A faithful copy of the entries is needed, one that leaves out the pictures.

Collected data
>>>
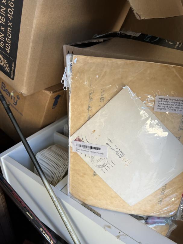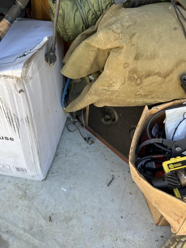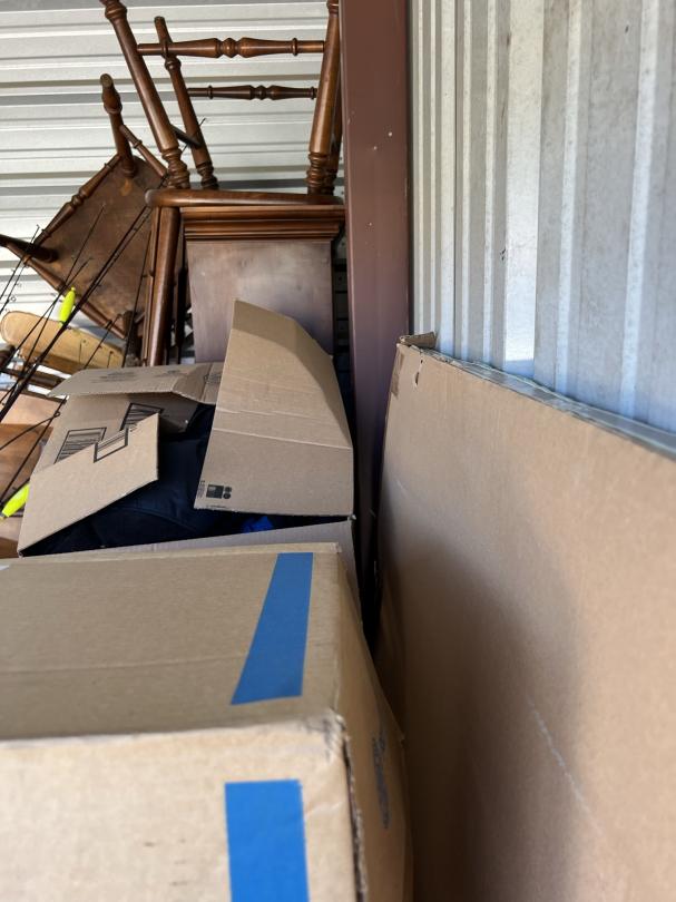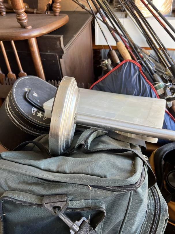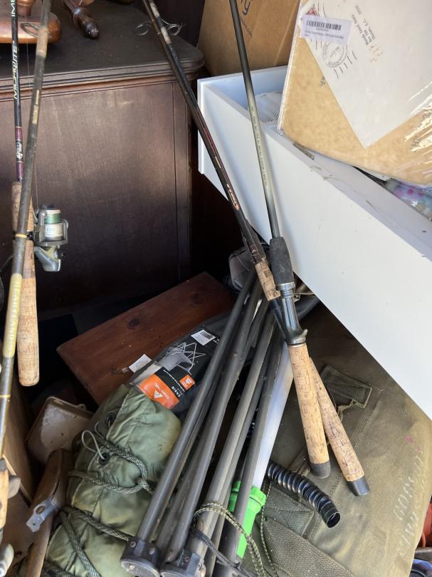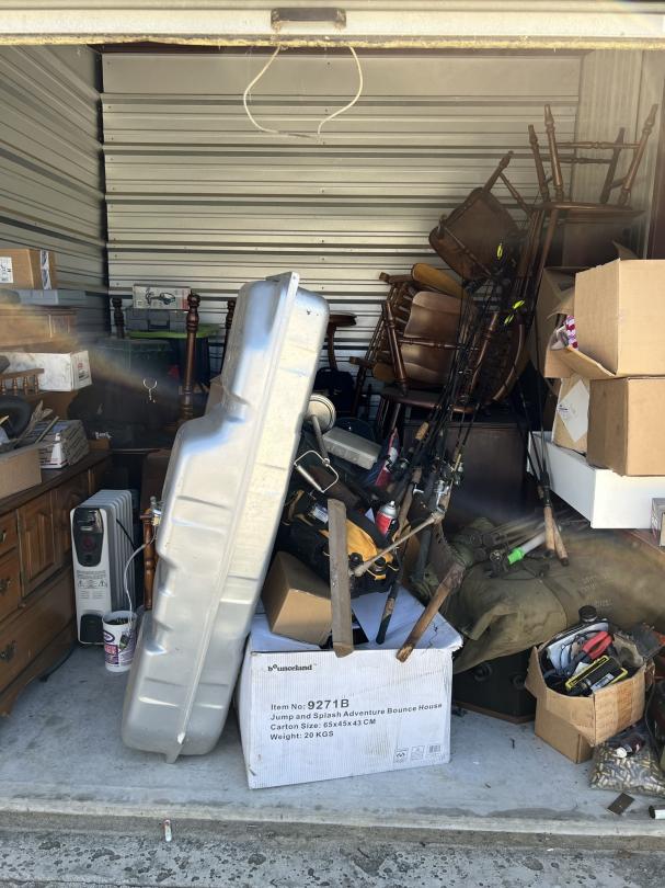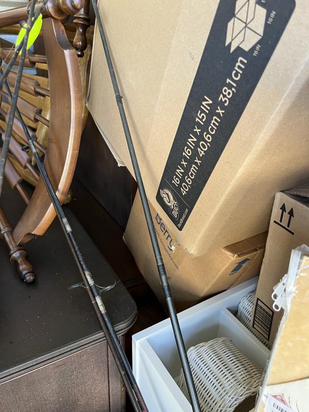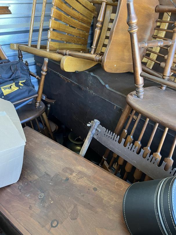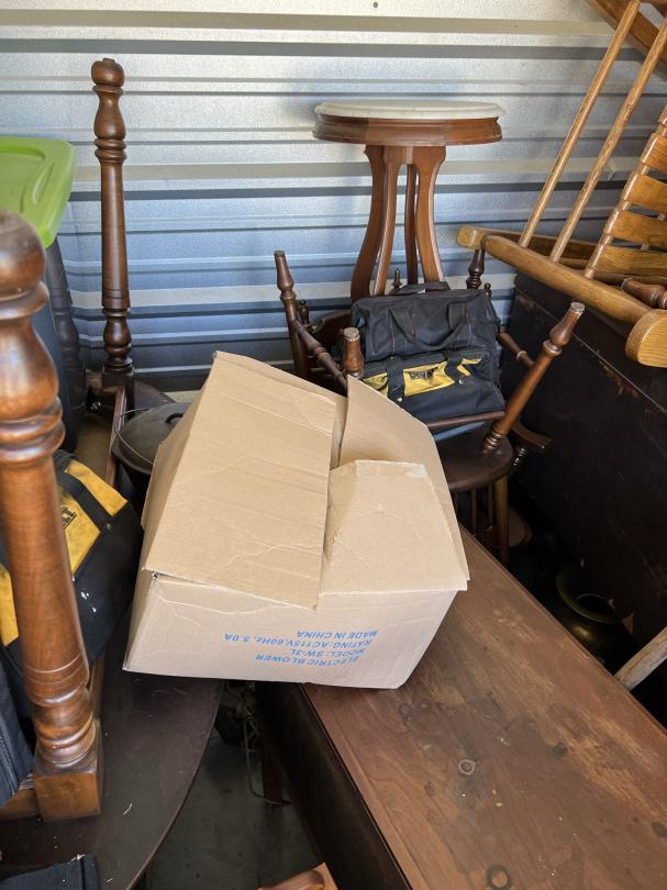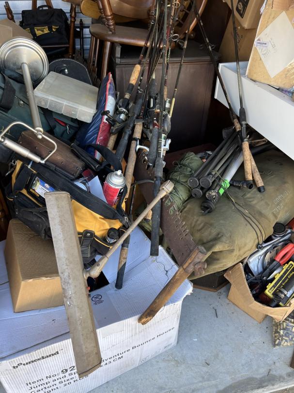 This unit appears to contain…stuffed hawk, creeper, fishing poles, flashlights, gunshell casings, gun cases, furniture, dresser, tackle box, fuel tank, tools, table and chairs, rocking chair, old marble top table, saw, heater. old lamp
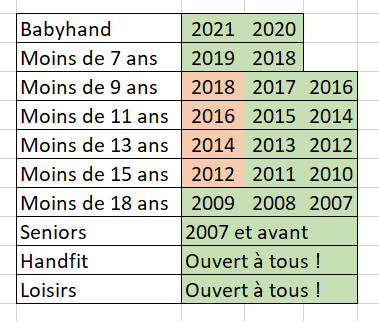 - Les deux années de naissance "traditionnelles" d'une catégorie sont celles surlignées en vert et sont les repères pour savoir dans quelle catégorie jouer pour vous ou votre enfant.
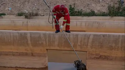 Un rescate oportuno permitió salvar la vida de un perro que se encontraba atrapado en el canal de un río en la ciudad de Oruro, gracias a la rápida intervención del personal de Bomberos Calama de la Policía Boliviana.
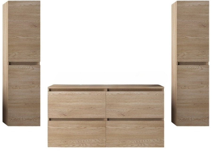 Hlavnou skrinkou celej zostavy je 120 cm závesná skrinka pod umývadlo (zložená z dvoch 60cm skriniek), vybavená štyrmi priestrannými zásuvkami so systémom Soft Close. Tento mechanizmus zabezpečuje tiché a plynulé zatváranie, vďaka čomu nábytok nielenže ponúka vyšší komfort pri používaní, ale aj dlhšie vydrží. Minimalistický vzhľad bez úchytiek s hladkými čielkami podčiarkuje moderný charakter. Zadná strana skrinky je navrhnutá bez sololitu, čo výrazne uľahčuje inštaláciu sifónu. Ku skrinke je potrebné zakúpiť plochý sifón a umývadlo, ktoré nájdete v našej ponuke.
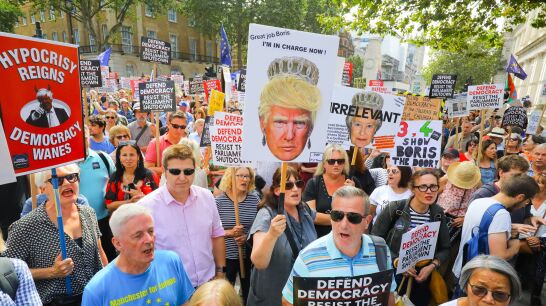 Frente a Downing Street, residencia oficial del jefe de Gobierno en Londres, se congregó una multitud con pancartas que llamaban a "defender la democracia" y "detener el golpe" del conservador Johnson.
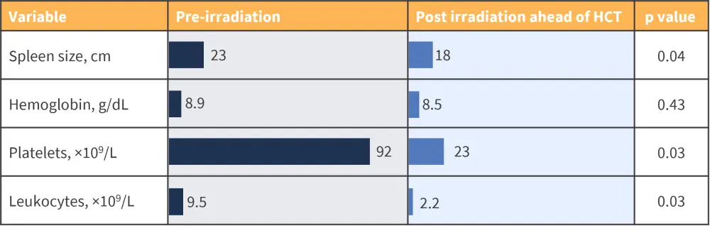 • Splenic irradiation reduced spleen size immediately after irradiation and OS and NRM were comparable to non-irradiated patients.
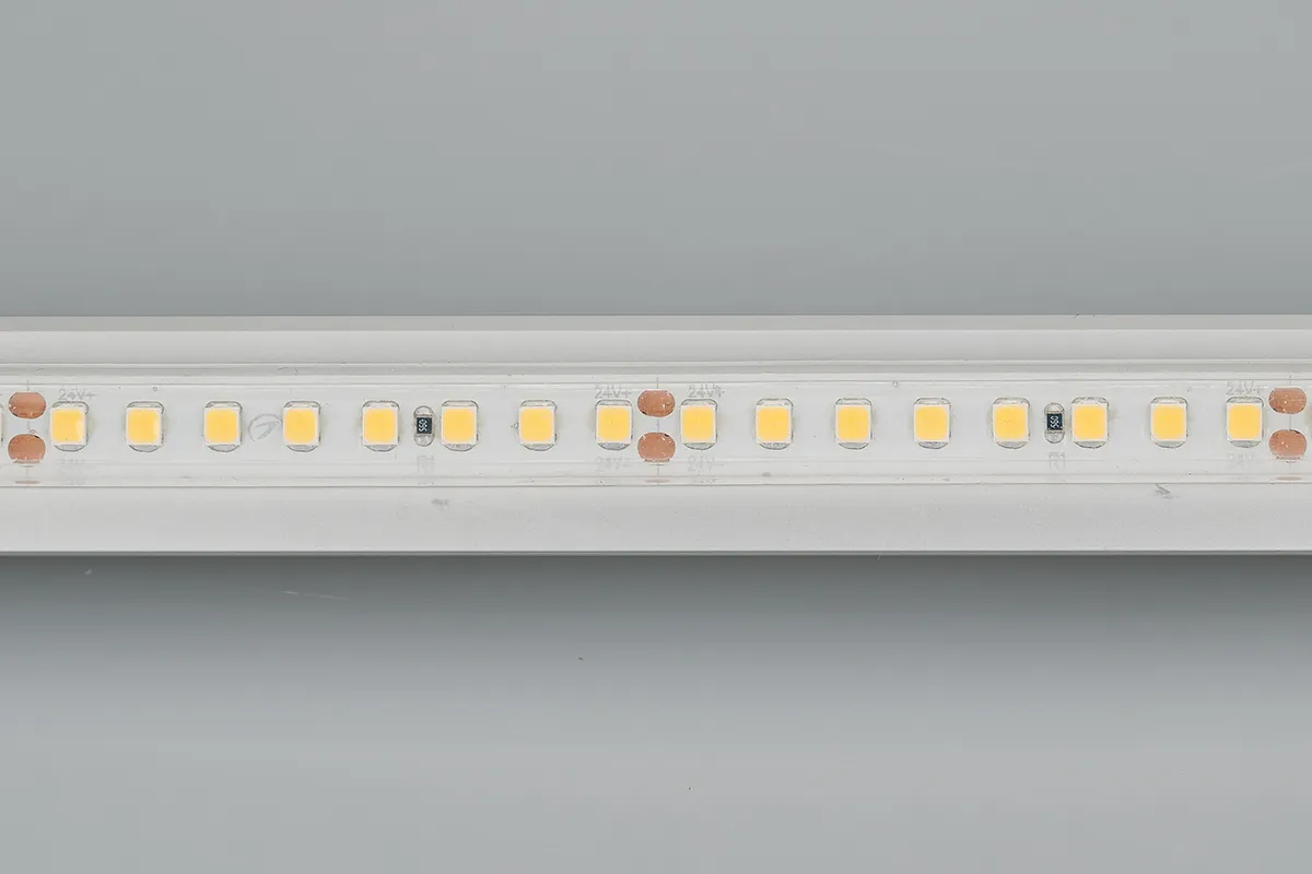 Герметичная IP67 Лента LUX, светодиоды smd 2835, 160шт/м (800шт на 5м). Эффективность 150 лм/Вт, белая плата 8мм, скотч 3М. Цвет БЕЛЫЙ ДНЕВНОЙ (натуральный) 4800-5200K. Угол 120°, цветопередача CRI>85. Питание 24V, мощность 12 Вт/м (60 Вт на 5м). Размеры 5000х10х5мм. Мин.отрезок 50мм, 8 светодиодов. Цена за 1м.
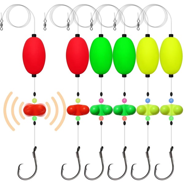 - 4 OPTIONS TO CHOOSE: A-Double Rattle+Propeller Rattle-6/0 Hook * 6PCS; A-Double Rattle+Propeller Rattle-8/0 Hook * 6PCS; B-Double Rattle-6/0 Hook * 6PCS; B-Double Rattle-8/0 Hook * 6PCS. Tension Test: 55LB. All Rigs Total Length:23in/584mm. Catfish Float Rig functions as floats and rattles and is a deadly combo to use for Catfish, Striper, Walleye, and many more predator fish. Trustworthy when the big one strikes!
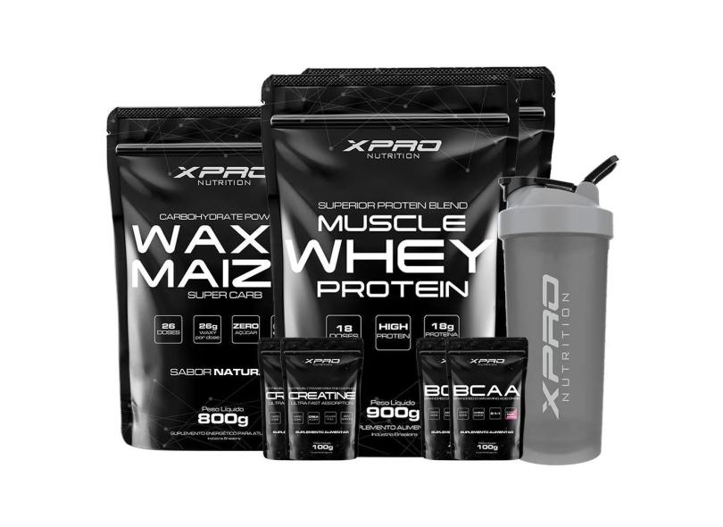Kit 2X Whey Muscle 900G + Waxy Maize 800G+ 2X Creatina 100G + 2X Bcaa100g + Coqueteleira 700Ml-Xpro
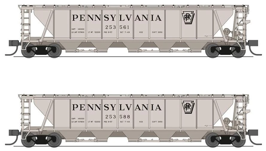There were four PRR paint and lettering schemes on this car. First was the Circle Keystone (CK) as delivered in Freight Car Color (FCC) with white lettering. Second, some shopped cars received the gray body color with the CK scheme in black. Third, some had the Shadow Keystone (SK) with gray body color with black lettering. And lastly, the Plain Keystone (PK) scheme with gray body color with black lettering was also used. In addition to the PRR schemes, they were also painted in both Penn Central (gray and green) and Conrail (gray and red) schemes.
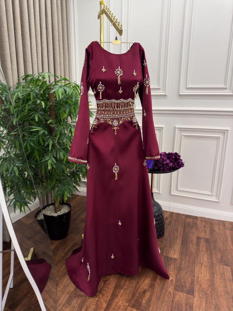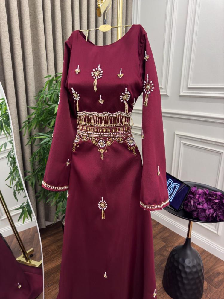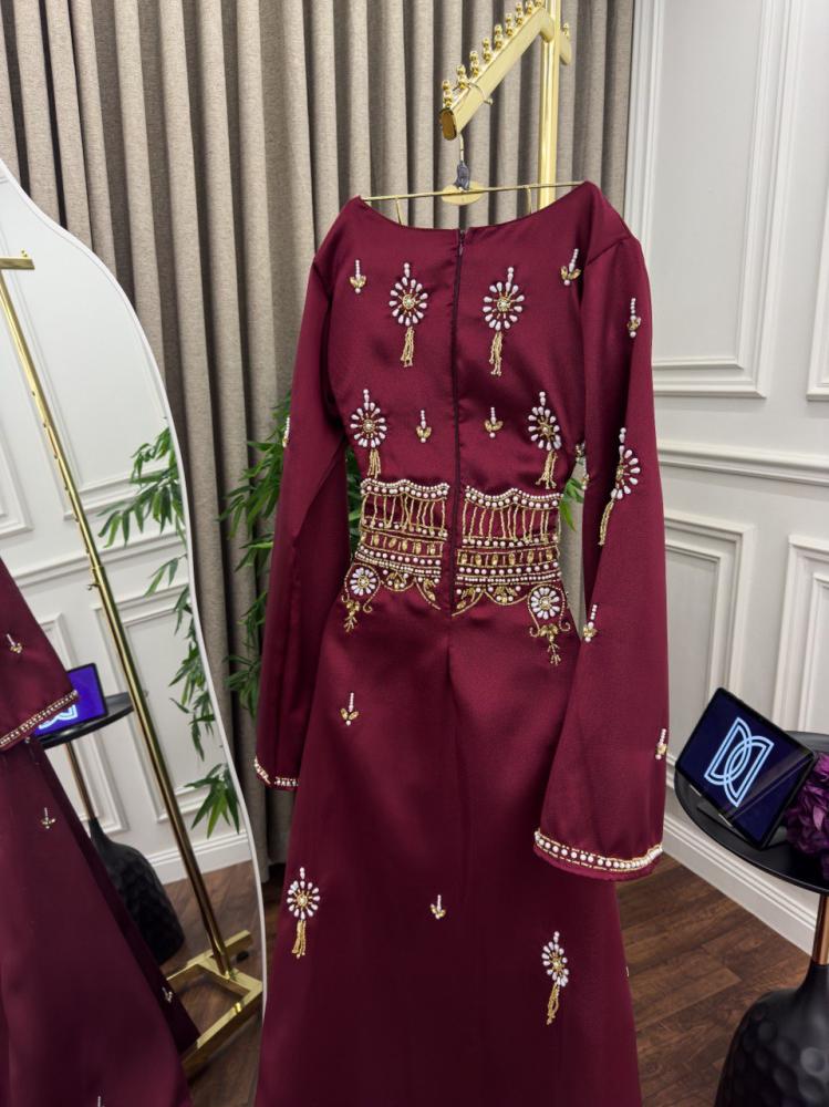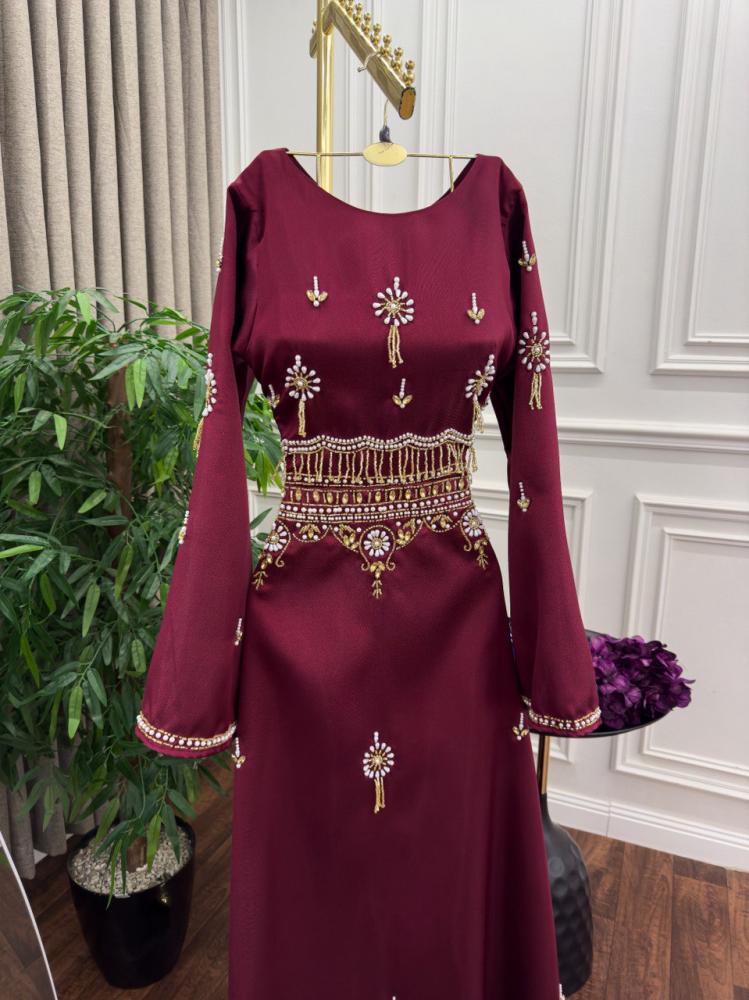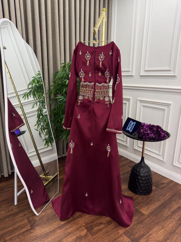 فستان بلون عودب مطرز بستايل ملكي ،
<<<
Written reply =
 This unit appears to contain…stuffed hawk, creeper, fishing poles, flashlights, gunshell casings, gun cases, furniture, dresser, tackle box, fuel tank, tools, table and chairs, rocking chair, old marble top table, saw, heater. old lamp
 - Les deux années de naissance "traditionnelles" d'une catégorie sont celles surlignées en vert et sont les repères pour savoir dans quelle catégorie jouer pour vous ou votre enfant.
 Un rescate oportuno permitió salvar la vida de un perro que se encontraba atrapado en el canal de un río en la ciudad de Oruro, gracias a la rápida intervención del personal de Bomberos Calama de la Policía Boliviana.
 Hlavnou skrinkou celej zostavy je 120 cm závesná skrinka pod umývadlo (zložená z dvoch 60cm skriniek), vybavená štyrmi priestrannými zásuvkami so systémom Soft Close. Tento mechanizmus zabezpečuje tiché a plynulé zatváranie, vďaka čomu nábytok nielenže ponúka vyšší komfort pri používaní, ale aj dlhšie vydrží. Minimalistický vzhľad bez úchytiek s hladkými čielkami podčiarkuje moderný charakter. Zadná strana skrinky je navrhnutá bez sololitu, čo výrazne uľahčuje inštaláciu sifónu. Ku skrinke je potrebné zakúpiť plochý sifón a umývadlo, ktoré nájdete v našej ponuke.
 Frente a Downing Street, residencia oficial del jefe de Gobierno en Londres, se congregó una multitud con pancartas que llamaban a "defender la democracia" y "detener el golpe" del conservador Johnson.
 • Splenic irradiation reduced spleen size immediately after irradiation and OS and NRM were comparable to non-irradiated patients.
 Герметичная IP67 Лента LUX, светодиоды smd 2835, 160шт/м (800шт на 5м). Эффективность 150 лм/Вт, белая плата 8мм, скотч 3М. Цвет БЕЛЫЙ ДНЕВНОЙ (натуральный) 4800-5200K. Угол 120°, цветопередача CRI>85. Питание 24V, мощность 12 Вт/м (60 Вт на 5м). Размеры 5000х10х5мм. Мин.отрезок 50мм, 8 светодиодов. Цена за 1м.
 - 4 OPTIONS TO CHOOSE: A-Double Rattle+Propeller Rattle-6/0 Hook * 6PCS; A-Double Rattle+Propeller Rattle-8/0 Hook * 6PCS; B-Double Rattle-6/0 Hook * 6PCS; B-Double Rattle-8/0 Hook * 6PCS. Tension Test: 55LB. All Rigs Total Length:23in/584mm. Catfish Float Rig functions as floats and rattles and is a deadly combo to use for Catfish, Striper, Walleye, and many more predator fish. Trustworthy when the big one strikes!
Kit 2X Whey Muscle 900G + Waxy Maize 800G+ 2X Creatina 100G + 2X Bcaa100g + Coqueteleira 700Ml-Xpro
There were four PRR paint and lettering schemes on this car. First was the Circle Keystone (CK) as delivered in Freight Car Color (FCC) with white lettering. Second, some shopped cars received the gray body color with the CK scheme in black. Third, some had the Shadow Keystone (SK) with gray body color with black lettering. And lastly, the Plain Keystone (PK) scheme with gray body color with black lettering was also used. In addition to the PRR schemes, they were also painted in both Penn Central (gray and green) and Conrail (gray and red) schemes.
 فستان بلون عودب مطرز بستايل ملكي ،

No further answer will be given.